Dice Control, Visualization and Imagery

Through the years I’ve written extensively on the mental aspects of craps and precision shooting. Of all the preparation routines precision shooters employ, none, in my opinion, is more powerful than visualization, or guided imagery.

Visualization is the process of creating a scene in the shooter’s mind of what he wants to happen. The shooter creates mental images, like pictures or movies, which recreate his best performance and/or define his desired performance.

While imagining these scenarios, the shooter touches on much more than the visual elements. His imagery may include kinesthetic (feelings) and auditory (sound) elements as well. With practice, skilled shooters can call up these images again and again – enhancing his achievements through practice that is very much like physical practice. With mental rehearsal, the mind and body become trained to physically perform the imagined skill.

You would not expect to be physically ready to compete in an athletic event without physical practice. The same goes for developing a mental skill such as guided imagery. For most of us, ten to fifteen minutes practice a day will suffice. Here’s a simple guided imagery exercise to get you started on the right foot.

Start out by sitting upright in a comfortable chair. Close your eyes. Breathe slowly and deeply. Visualize your breath being drawn in the nose, up to the top of the head, around and down the spine, and deep into your belly. Then exhale, visualizing the air rising up the front of your chest and out.

Take another deep breath, again visualizing the air moving up into the nose, to the top of the head, around and down the spine, and deep into your belly. Hold your breath for a four count. Then slowly let it out, mentally counting backward. Four, three, two, one.

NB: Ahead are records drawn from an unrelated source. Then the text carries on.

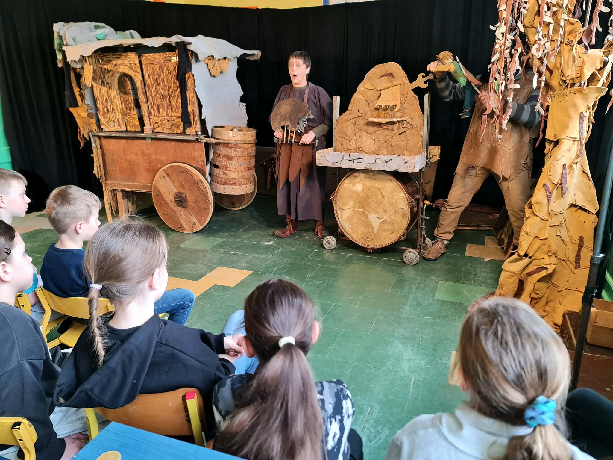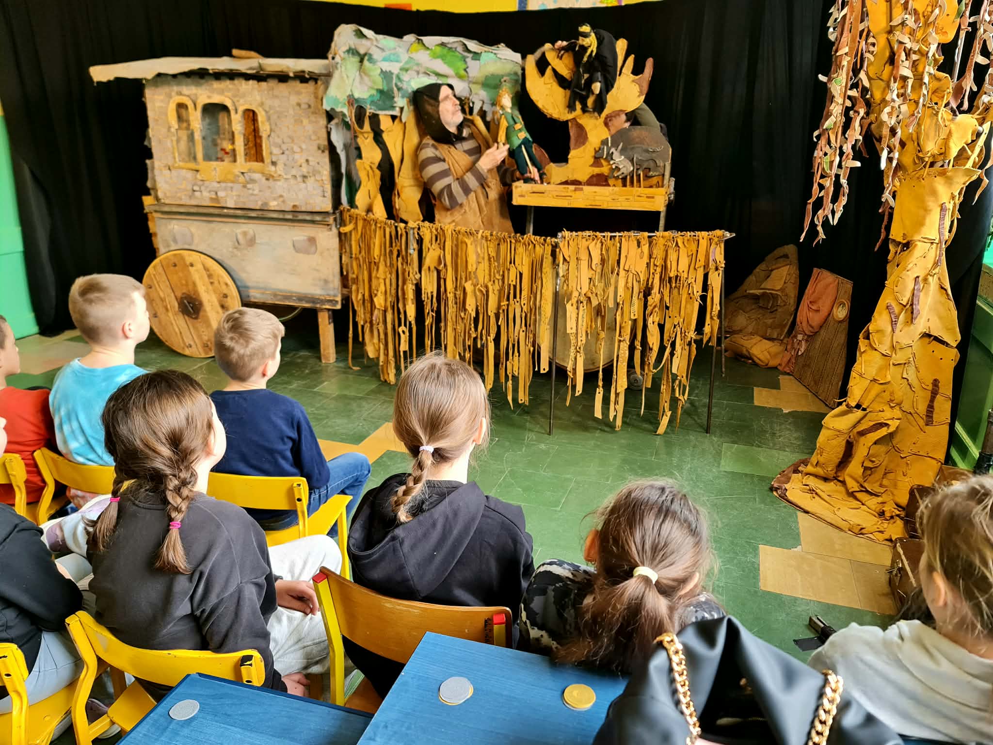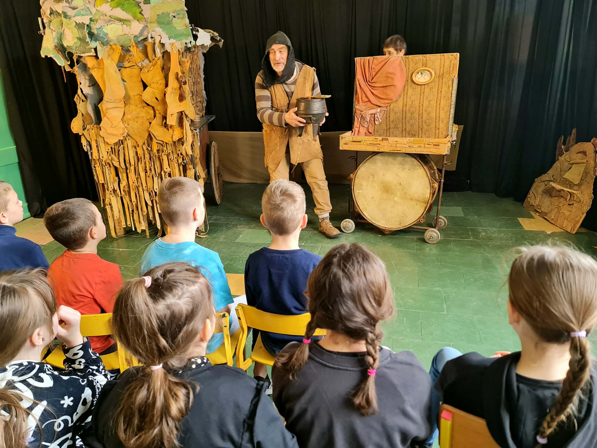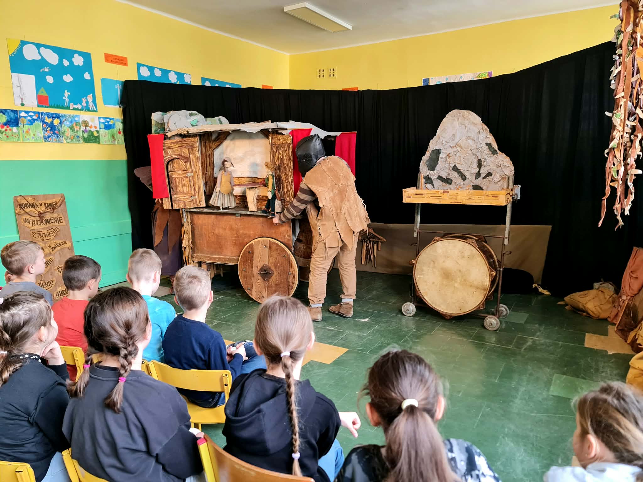 Uczniowie klas 2a, 2b i 2c wzięli udział w ciekawych warsztatach teatralnych pt.: Po co teatr?", które odbyły się na terenie naszej szkoły. Na początku zajęć dzieci dowiedziały się, jak wyglądał handel w dawnych czasach – poznały dawne środki płatnicze oraz dowiedziały się, na czym polegała wymiana towarów, zanim zaczęto powszechnie używać pieniędzy. Podczas warsztatów uczniowie poznali również, jak ważną rolę od wieków odgrywa teatr w życiu ludzi – zarówno widzów, jak i osób pracujących przy tworzeniu spektakli. Dzieci miały okazję dowiedzieć się, czym jest baśń jako gatunek literacki, jakie elementy powinna zawierać oraz dlaczego opowieści i narracja są tak ważne w kulturze. Chętni uczniowie mogli spróbować nie tylko swoich sił w działaniach aktorskich, ale i uczyć się rzucać tajemnicze zaklęcia. W trakcie zajęć dzieci aktywnie uczestniczyły w różnych zadaniach i zabawach teatralnych, wykorzystując liczne rekwizyty. Ich zaangażowanie i zdobywane umiejętności były nagradzane specjalnymi talarami, które dodatkowo motywowały do działania i współpracy.
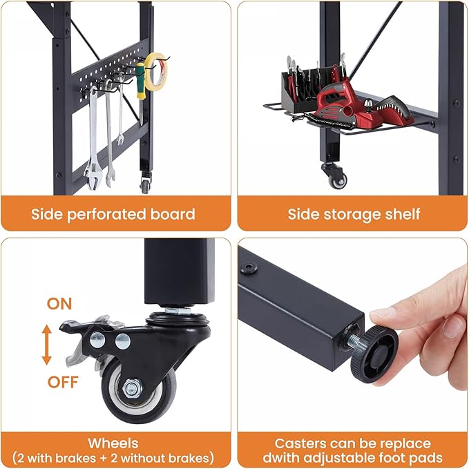 - 30-Min Tool-Free Assembly: KYDEVO adjustable workbench comes with a detailed assembly guide and clear signage so you won't struggle to assemble it, and it features four wheels for easy mobility, allowing you to move the table around your workspace with ease or conveniently store it when not in use.
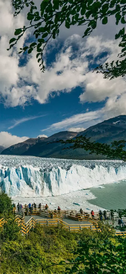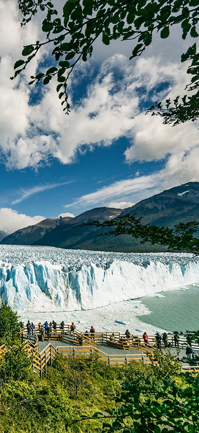 I dag ska du ut på en fantastisk heldagsutflykt till Los Glaciares nationalpark, som ligger cirka 80 kilometer från El Calafate. Det är den största nationalparken i Argentina och står på goda grunder med på UNESCOS världsarvslista. Parken är över 6 000 kvadratkilometer och har en helt exceptionellt vacker natur, bestående av enorma glaciärer, snötäckta berg, glaciärsjöar och slättlandskap. Hela 30 procent av parken är faktiskt täckt av is. Du ska besöka den berömda och mest tillgängliga glaciären av dem alla – den mäktiga Perito Moreno. Glaciären är cirka 30 kilometer lång, 5 kilometer bred och på vissa ställen över 70 meter hög. Det helt unika med denna glaciär är att den inte blir mindre. De flesta glaciärer smälter på grund av global uppvärmning och blir mindre för varje år, men Perito Moreno lyckas nyproducera samma mängd is som smälter bort.
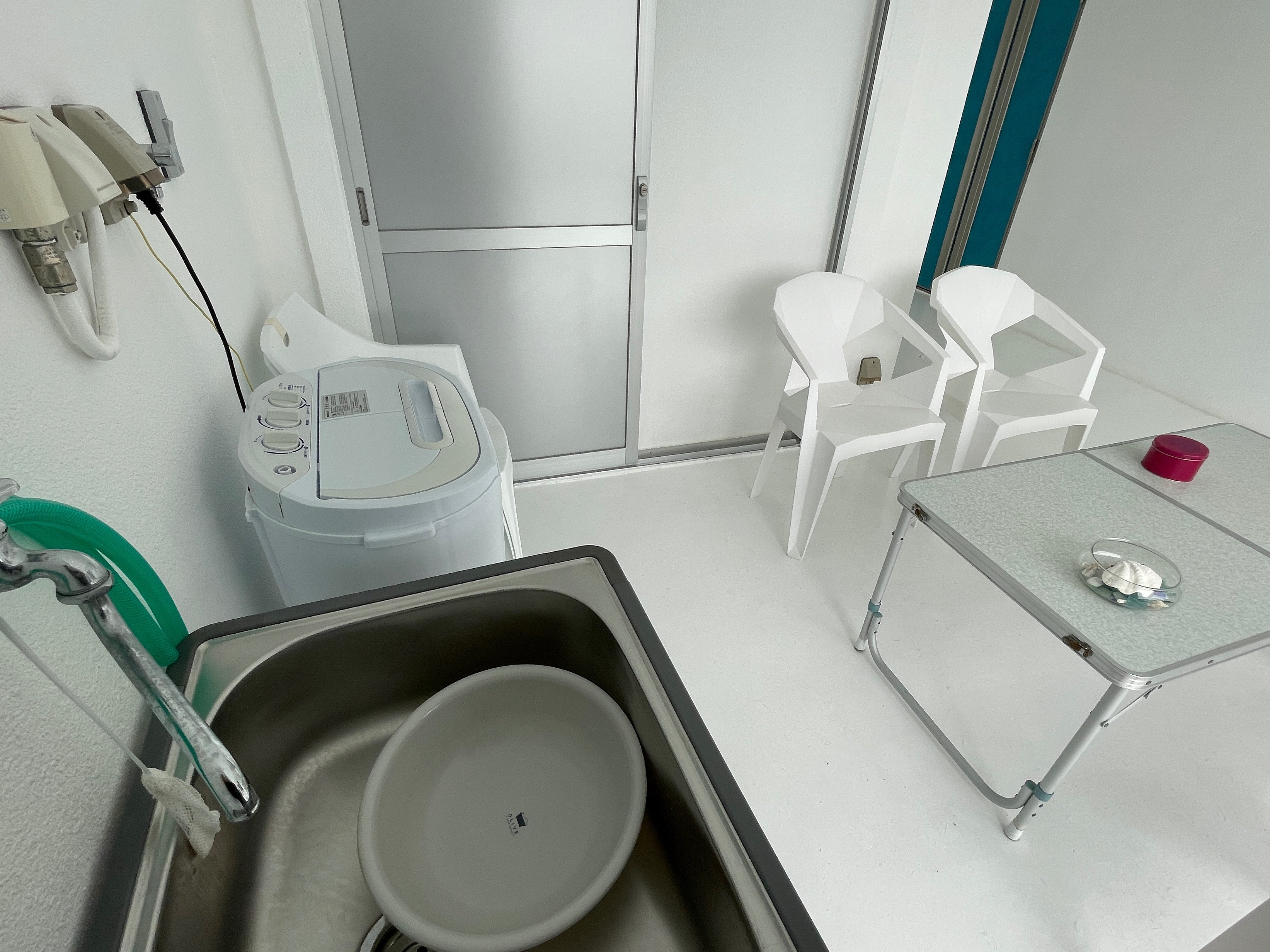 器材を洗えるスペースはこんな感じです。駐車場のところにあるので、車からダイビング器材などのマリンスポーツの道具を出したらすぐ洗えます。
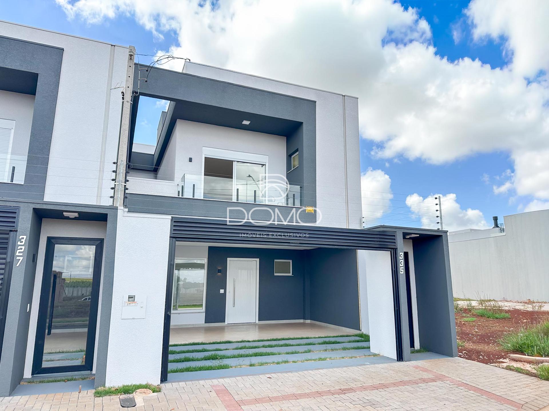 Sobrado na planta à venda no Tropical 4, em Cascavel PR, com 153,43m² de área construída em um terreno de 150,50m². O imóvel conta com 3 suítes, salas amplas, lavabo, cozinha bem distribuída e área de serviço, oferecendo praticidade e conforto no dia a dia.
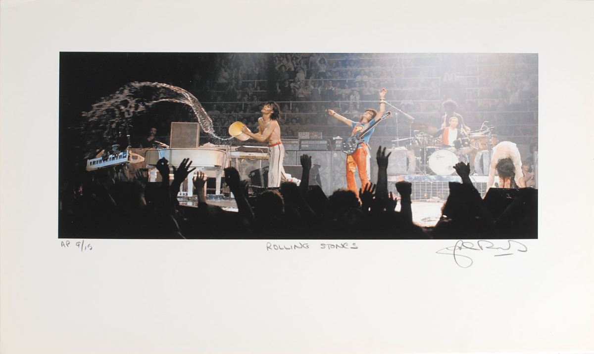 Color limited edition 19 x 13 artist’s proof print showing the Rolling Stones in concert, numbered AP 9/15, signed in the lower border in pencil by photographer John Rowlands. In fine condition.

As the rest of the air leaves your body, say “ahhhh” and relax.

Repeat this breathing exercise four times. As you do so, tighten the muscles in your feet, then relax them. Concentrate on feeling the muscles relax. Repeat it again. Tighten the muscles in your calves, relax, feel the relaxation and repeat it again. Progressively relax the muscles of your thighs, your buttocks, your stomach and lower back. Then relax your chest, your upper back, your shoulders and your arms. Last of all, relax your hands, your neck, your face.

Take a deep breath. Hold it for a four count. Let it out counting backward. Four, three, two, one, ahhhh.

Imagine yourself in a favorite peaceful setting. It can be a beach, a forest, or anything. The important thing is to make it a place you’ve been before where you felt relaxed and happy and experienced a great sense of well-being. For this exercise, imagine you’re at the beach. You’re floating on an air mattress in the surf. Overhead, the sky is a giant blue bowl. The sun is warm on your skin and it’s heat penetrates deep within you, adding to your sense of wellness and relaxation. You feel the gentle rise and fall of the ocean. Hear the surf rushing across the sand. Smell the tang the sea and taste the salt on your lips. And as you take another deep breath, hold it, then let it out, your sense of relaxation becomes all encompassing. Four. Three. Two. One. Ahhhh.

Stay in this place for five to ten minutes, adding more sights, sounds, tastes, and feelings as you progressively relax. Experience your day at the beach as vividly as you can, with all of your senses. Then, when you are ready, slowly open your eyes. Lift your arms over your head and stretch. Stand, and if you are physically able, bend over and stretch your back and legs. Then straighten up and shake out your arms, shaking off any remaining negative energy. Then think about what just happened.

Of course, this was just a simple relaxation exercise. But it is also a simple self-hypnosis induction routine. Visualizing a day at the beach was really a tool to aid in getting you to a fully relaxed state. But getting into a relaxed state is only the first step. Once you are adept at getting into a relaxed state, the next step is positive visualization. This is the most important step in developing your mental craps skills. This is where you create vivid positive images. If you want to become a point shooter, visualize yourself hitting point after point after point. See the dealer pushing piles of chips across the table to you. Feel the player next to you clapping you on the back and exchanging high fives. Hear the cheers of the crowd as your point comes back and it’s another hardway. Make the images so vivid and detailed that it is like watching a movie.

Last of all, utilize positive affirmations to reinforce your guided imagery. Tell yourself that you are the best shooter at the table – because you are. Affirm that you are going to double your bankroll this session – because you are. Know that you will have the discipline to quit while you are ahead and walk away a winner – because you will.

Visualization and guided imagery can be a powerful weapon in your precision shooting arsenal. Virtually every athletic training program uses some form of positive visualization as part of their practice routine. Daily use of positive visualization will help rid you of the doubts and fears that plague you when you approach the tables. Remember – each of us has unlimited potential. Visualization and guided imagery is just another way to tap into that potential and use it in a powerful way.

Just remember the magic word. “Ahhhhh.”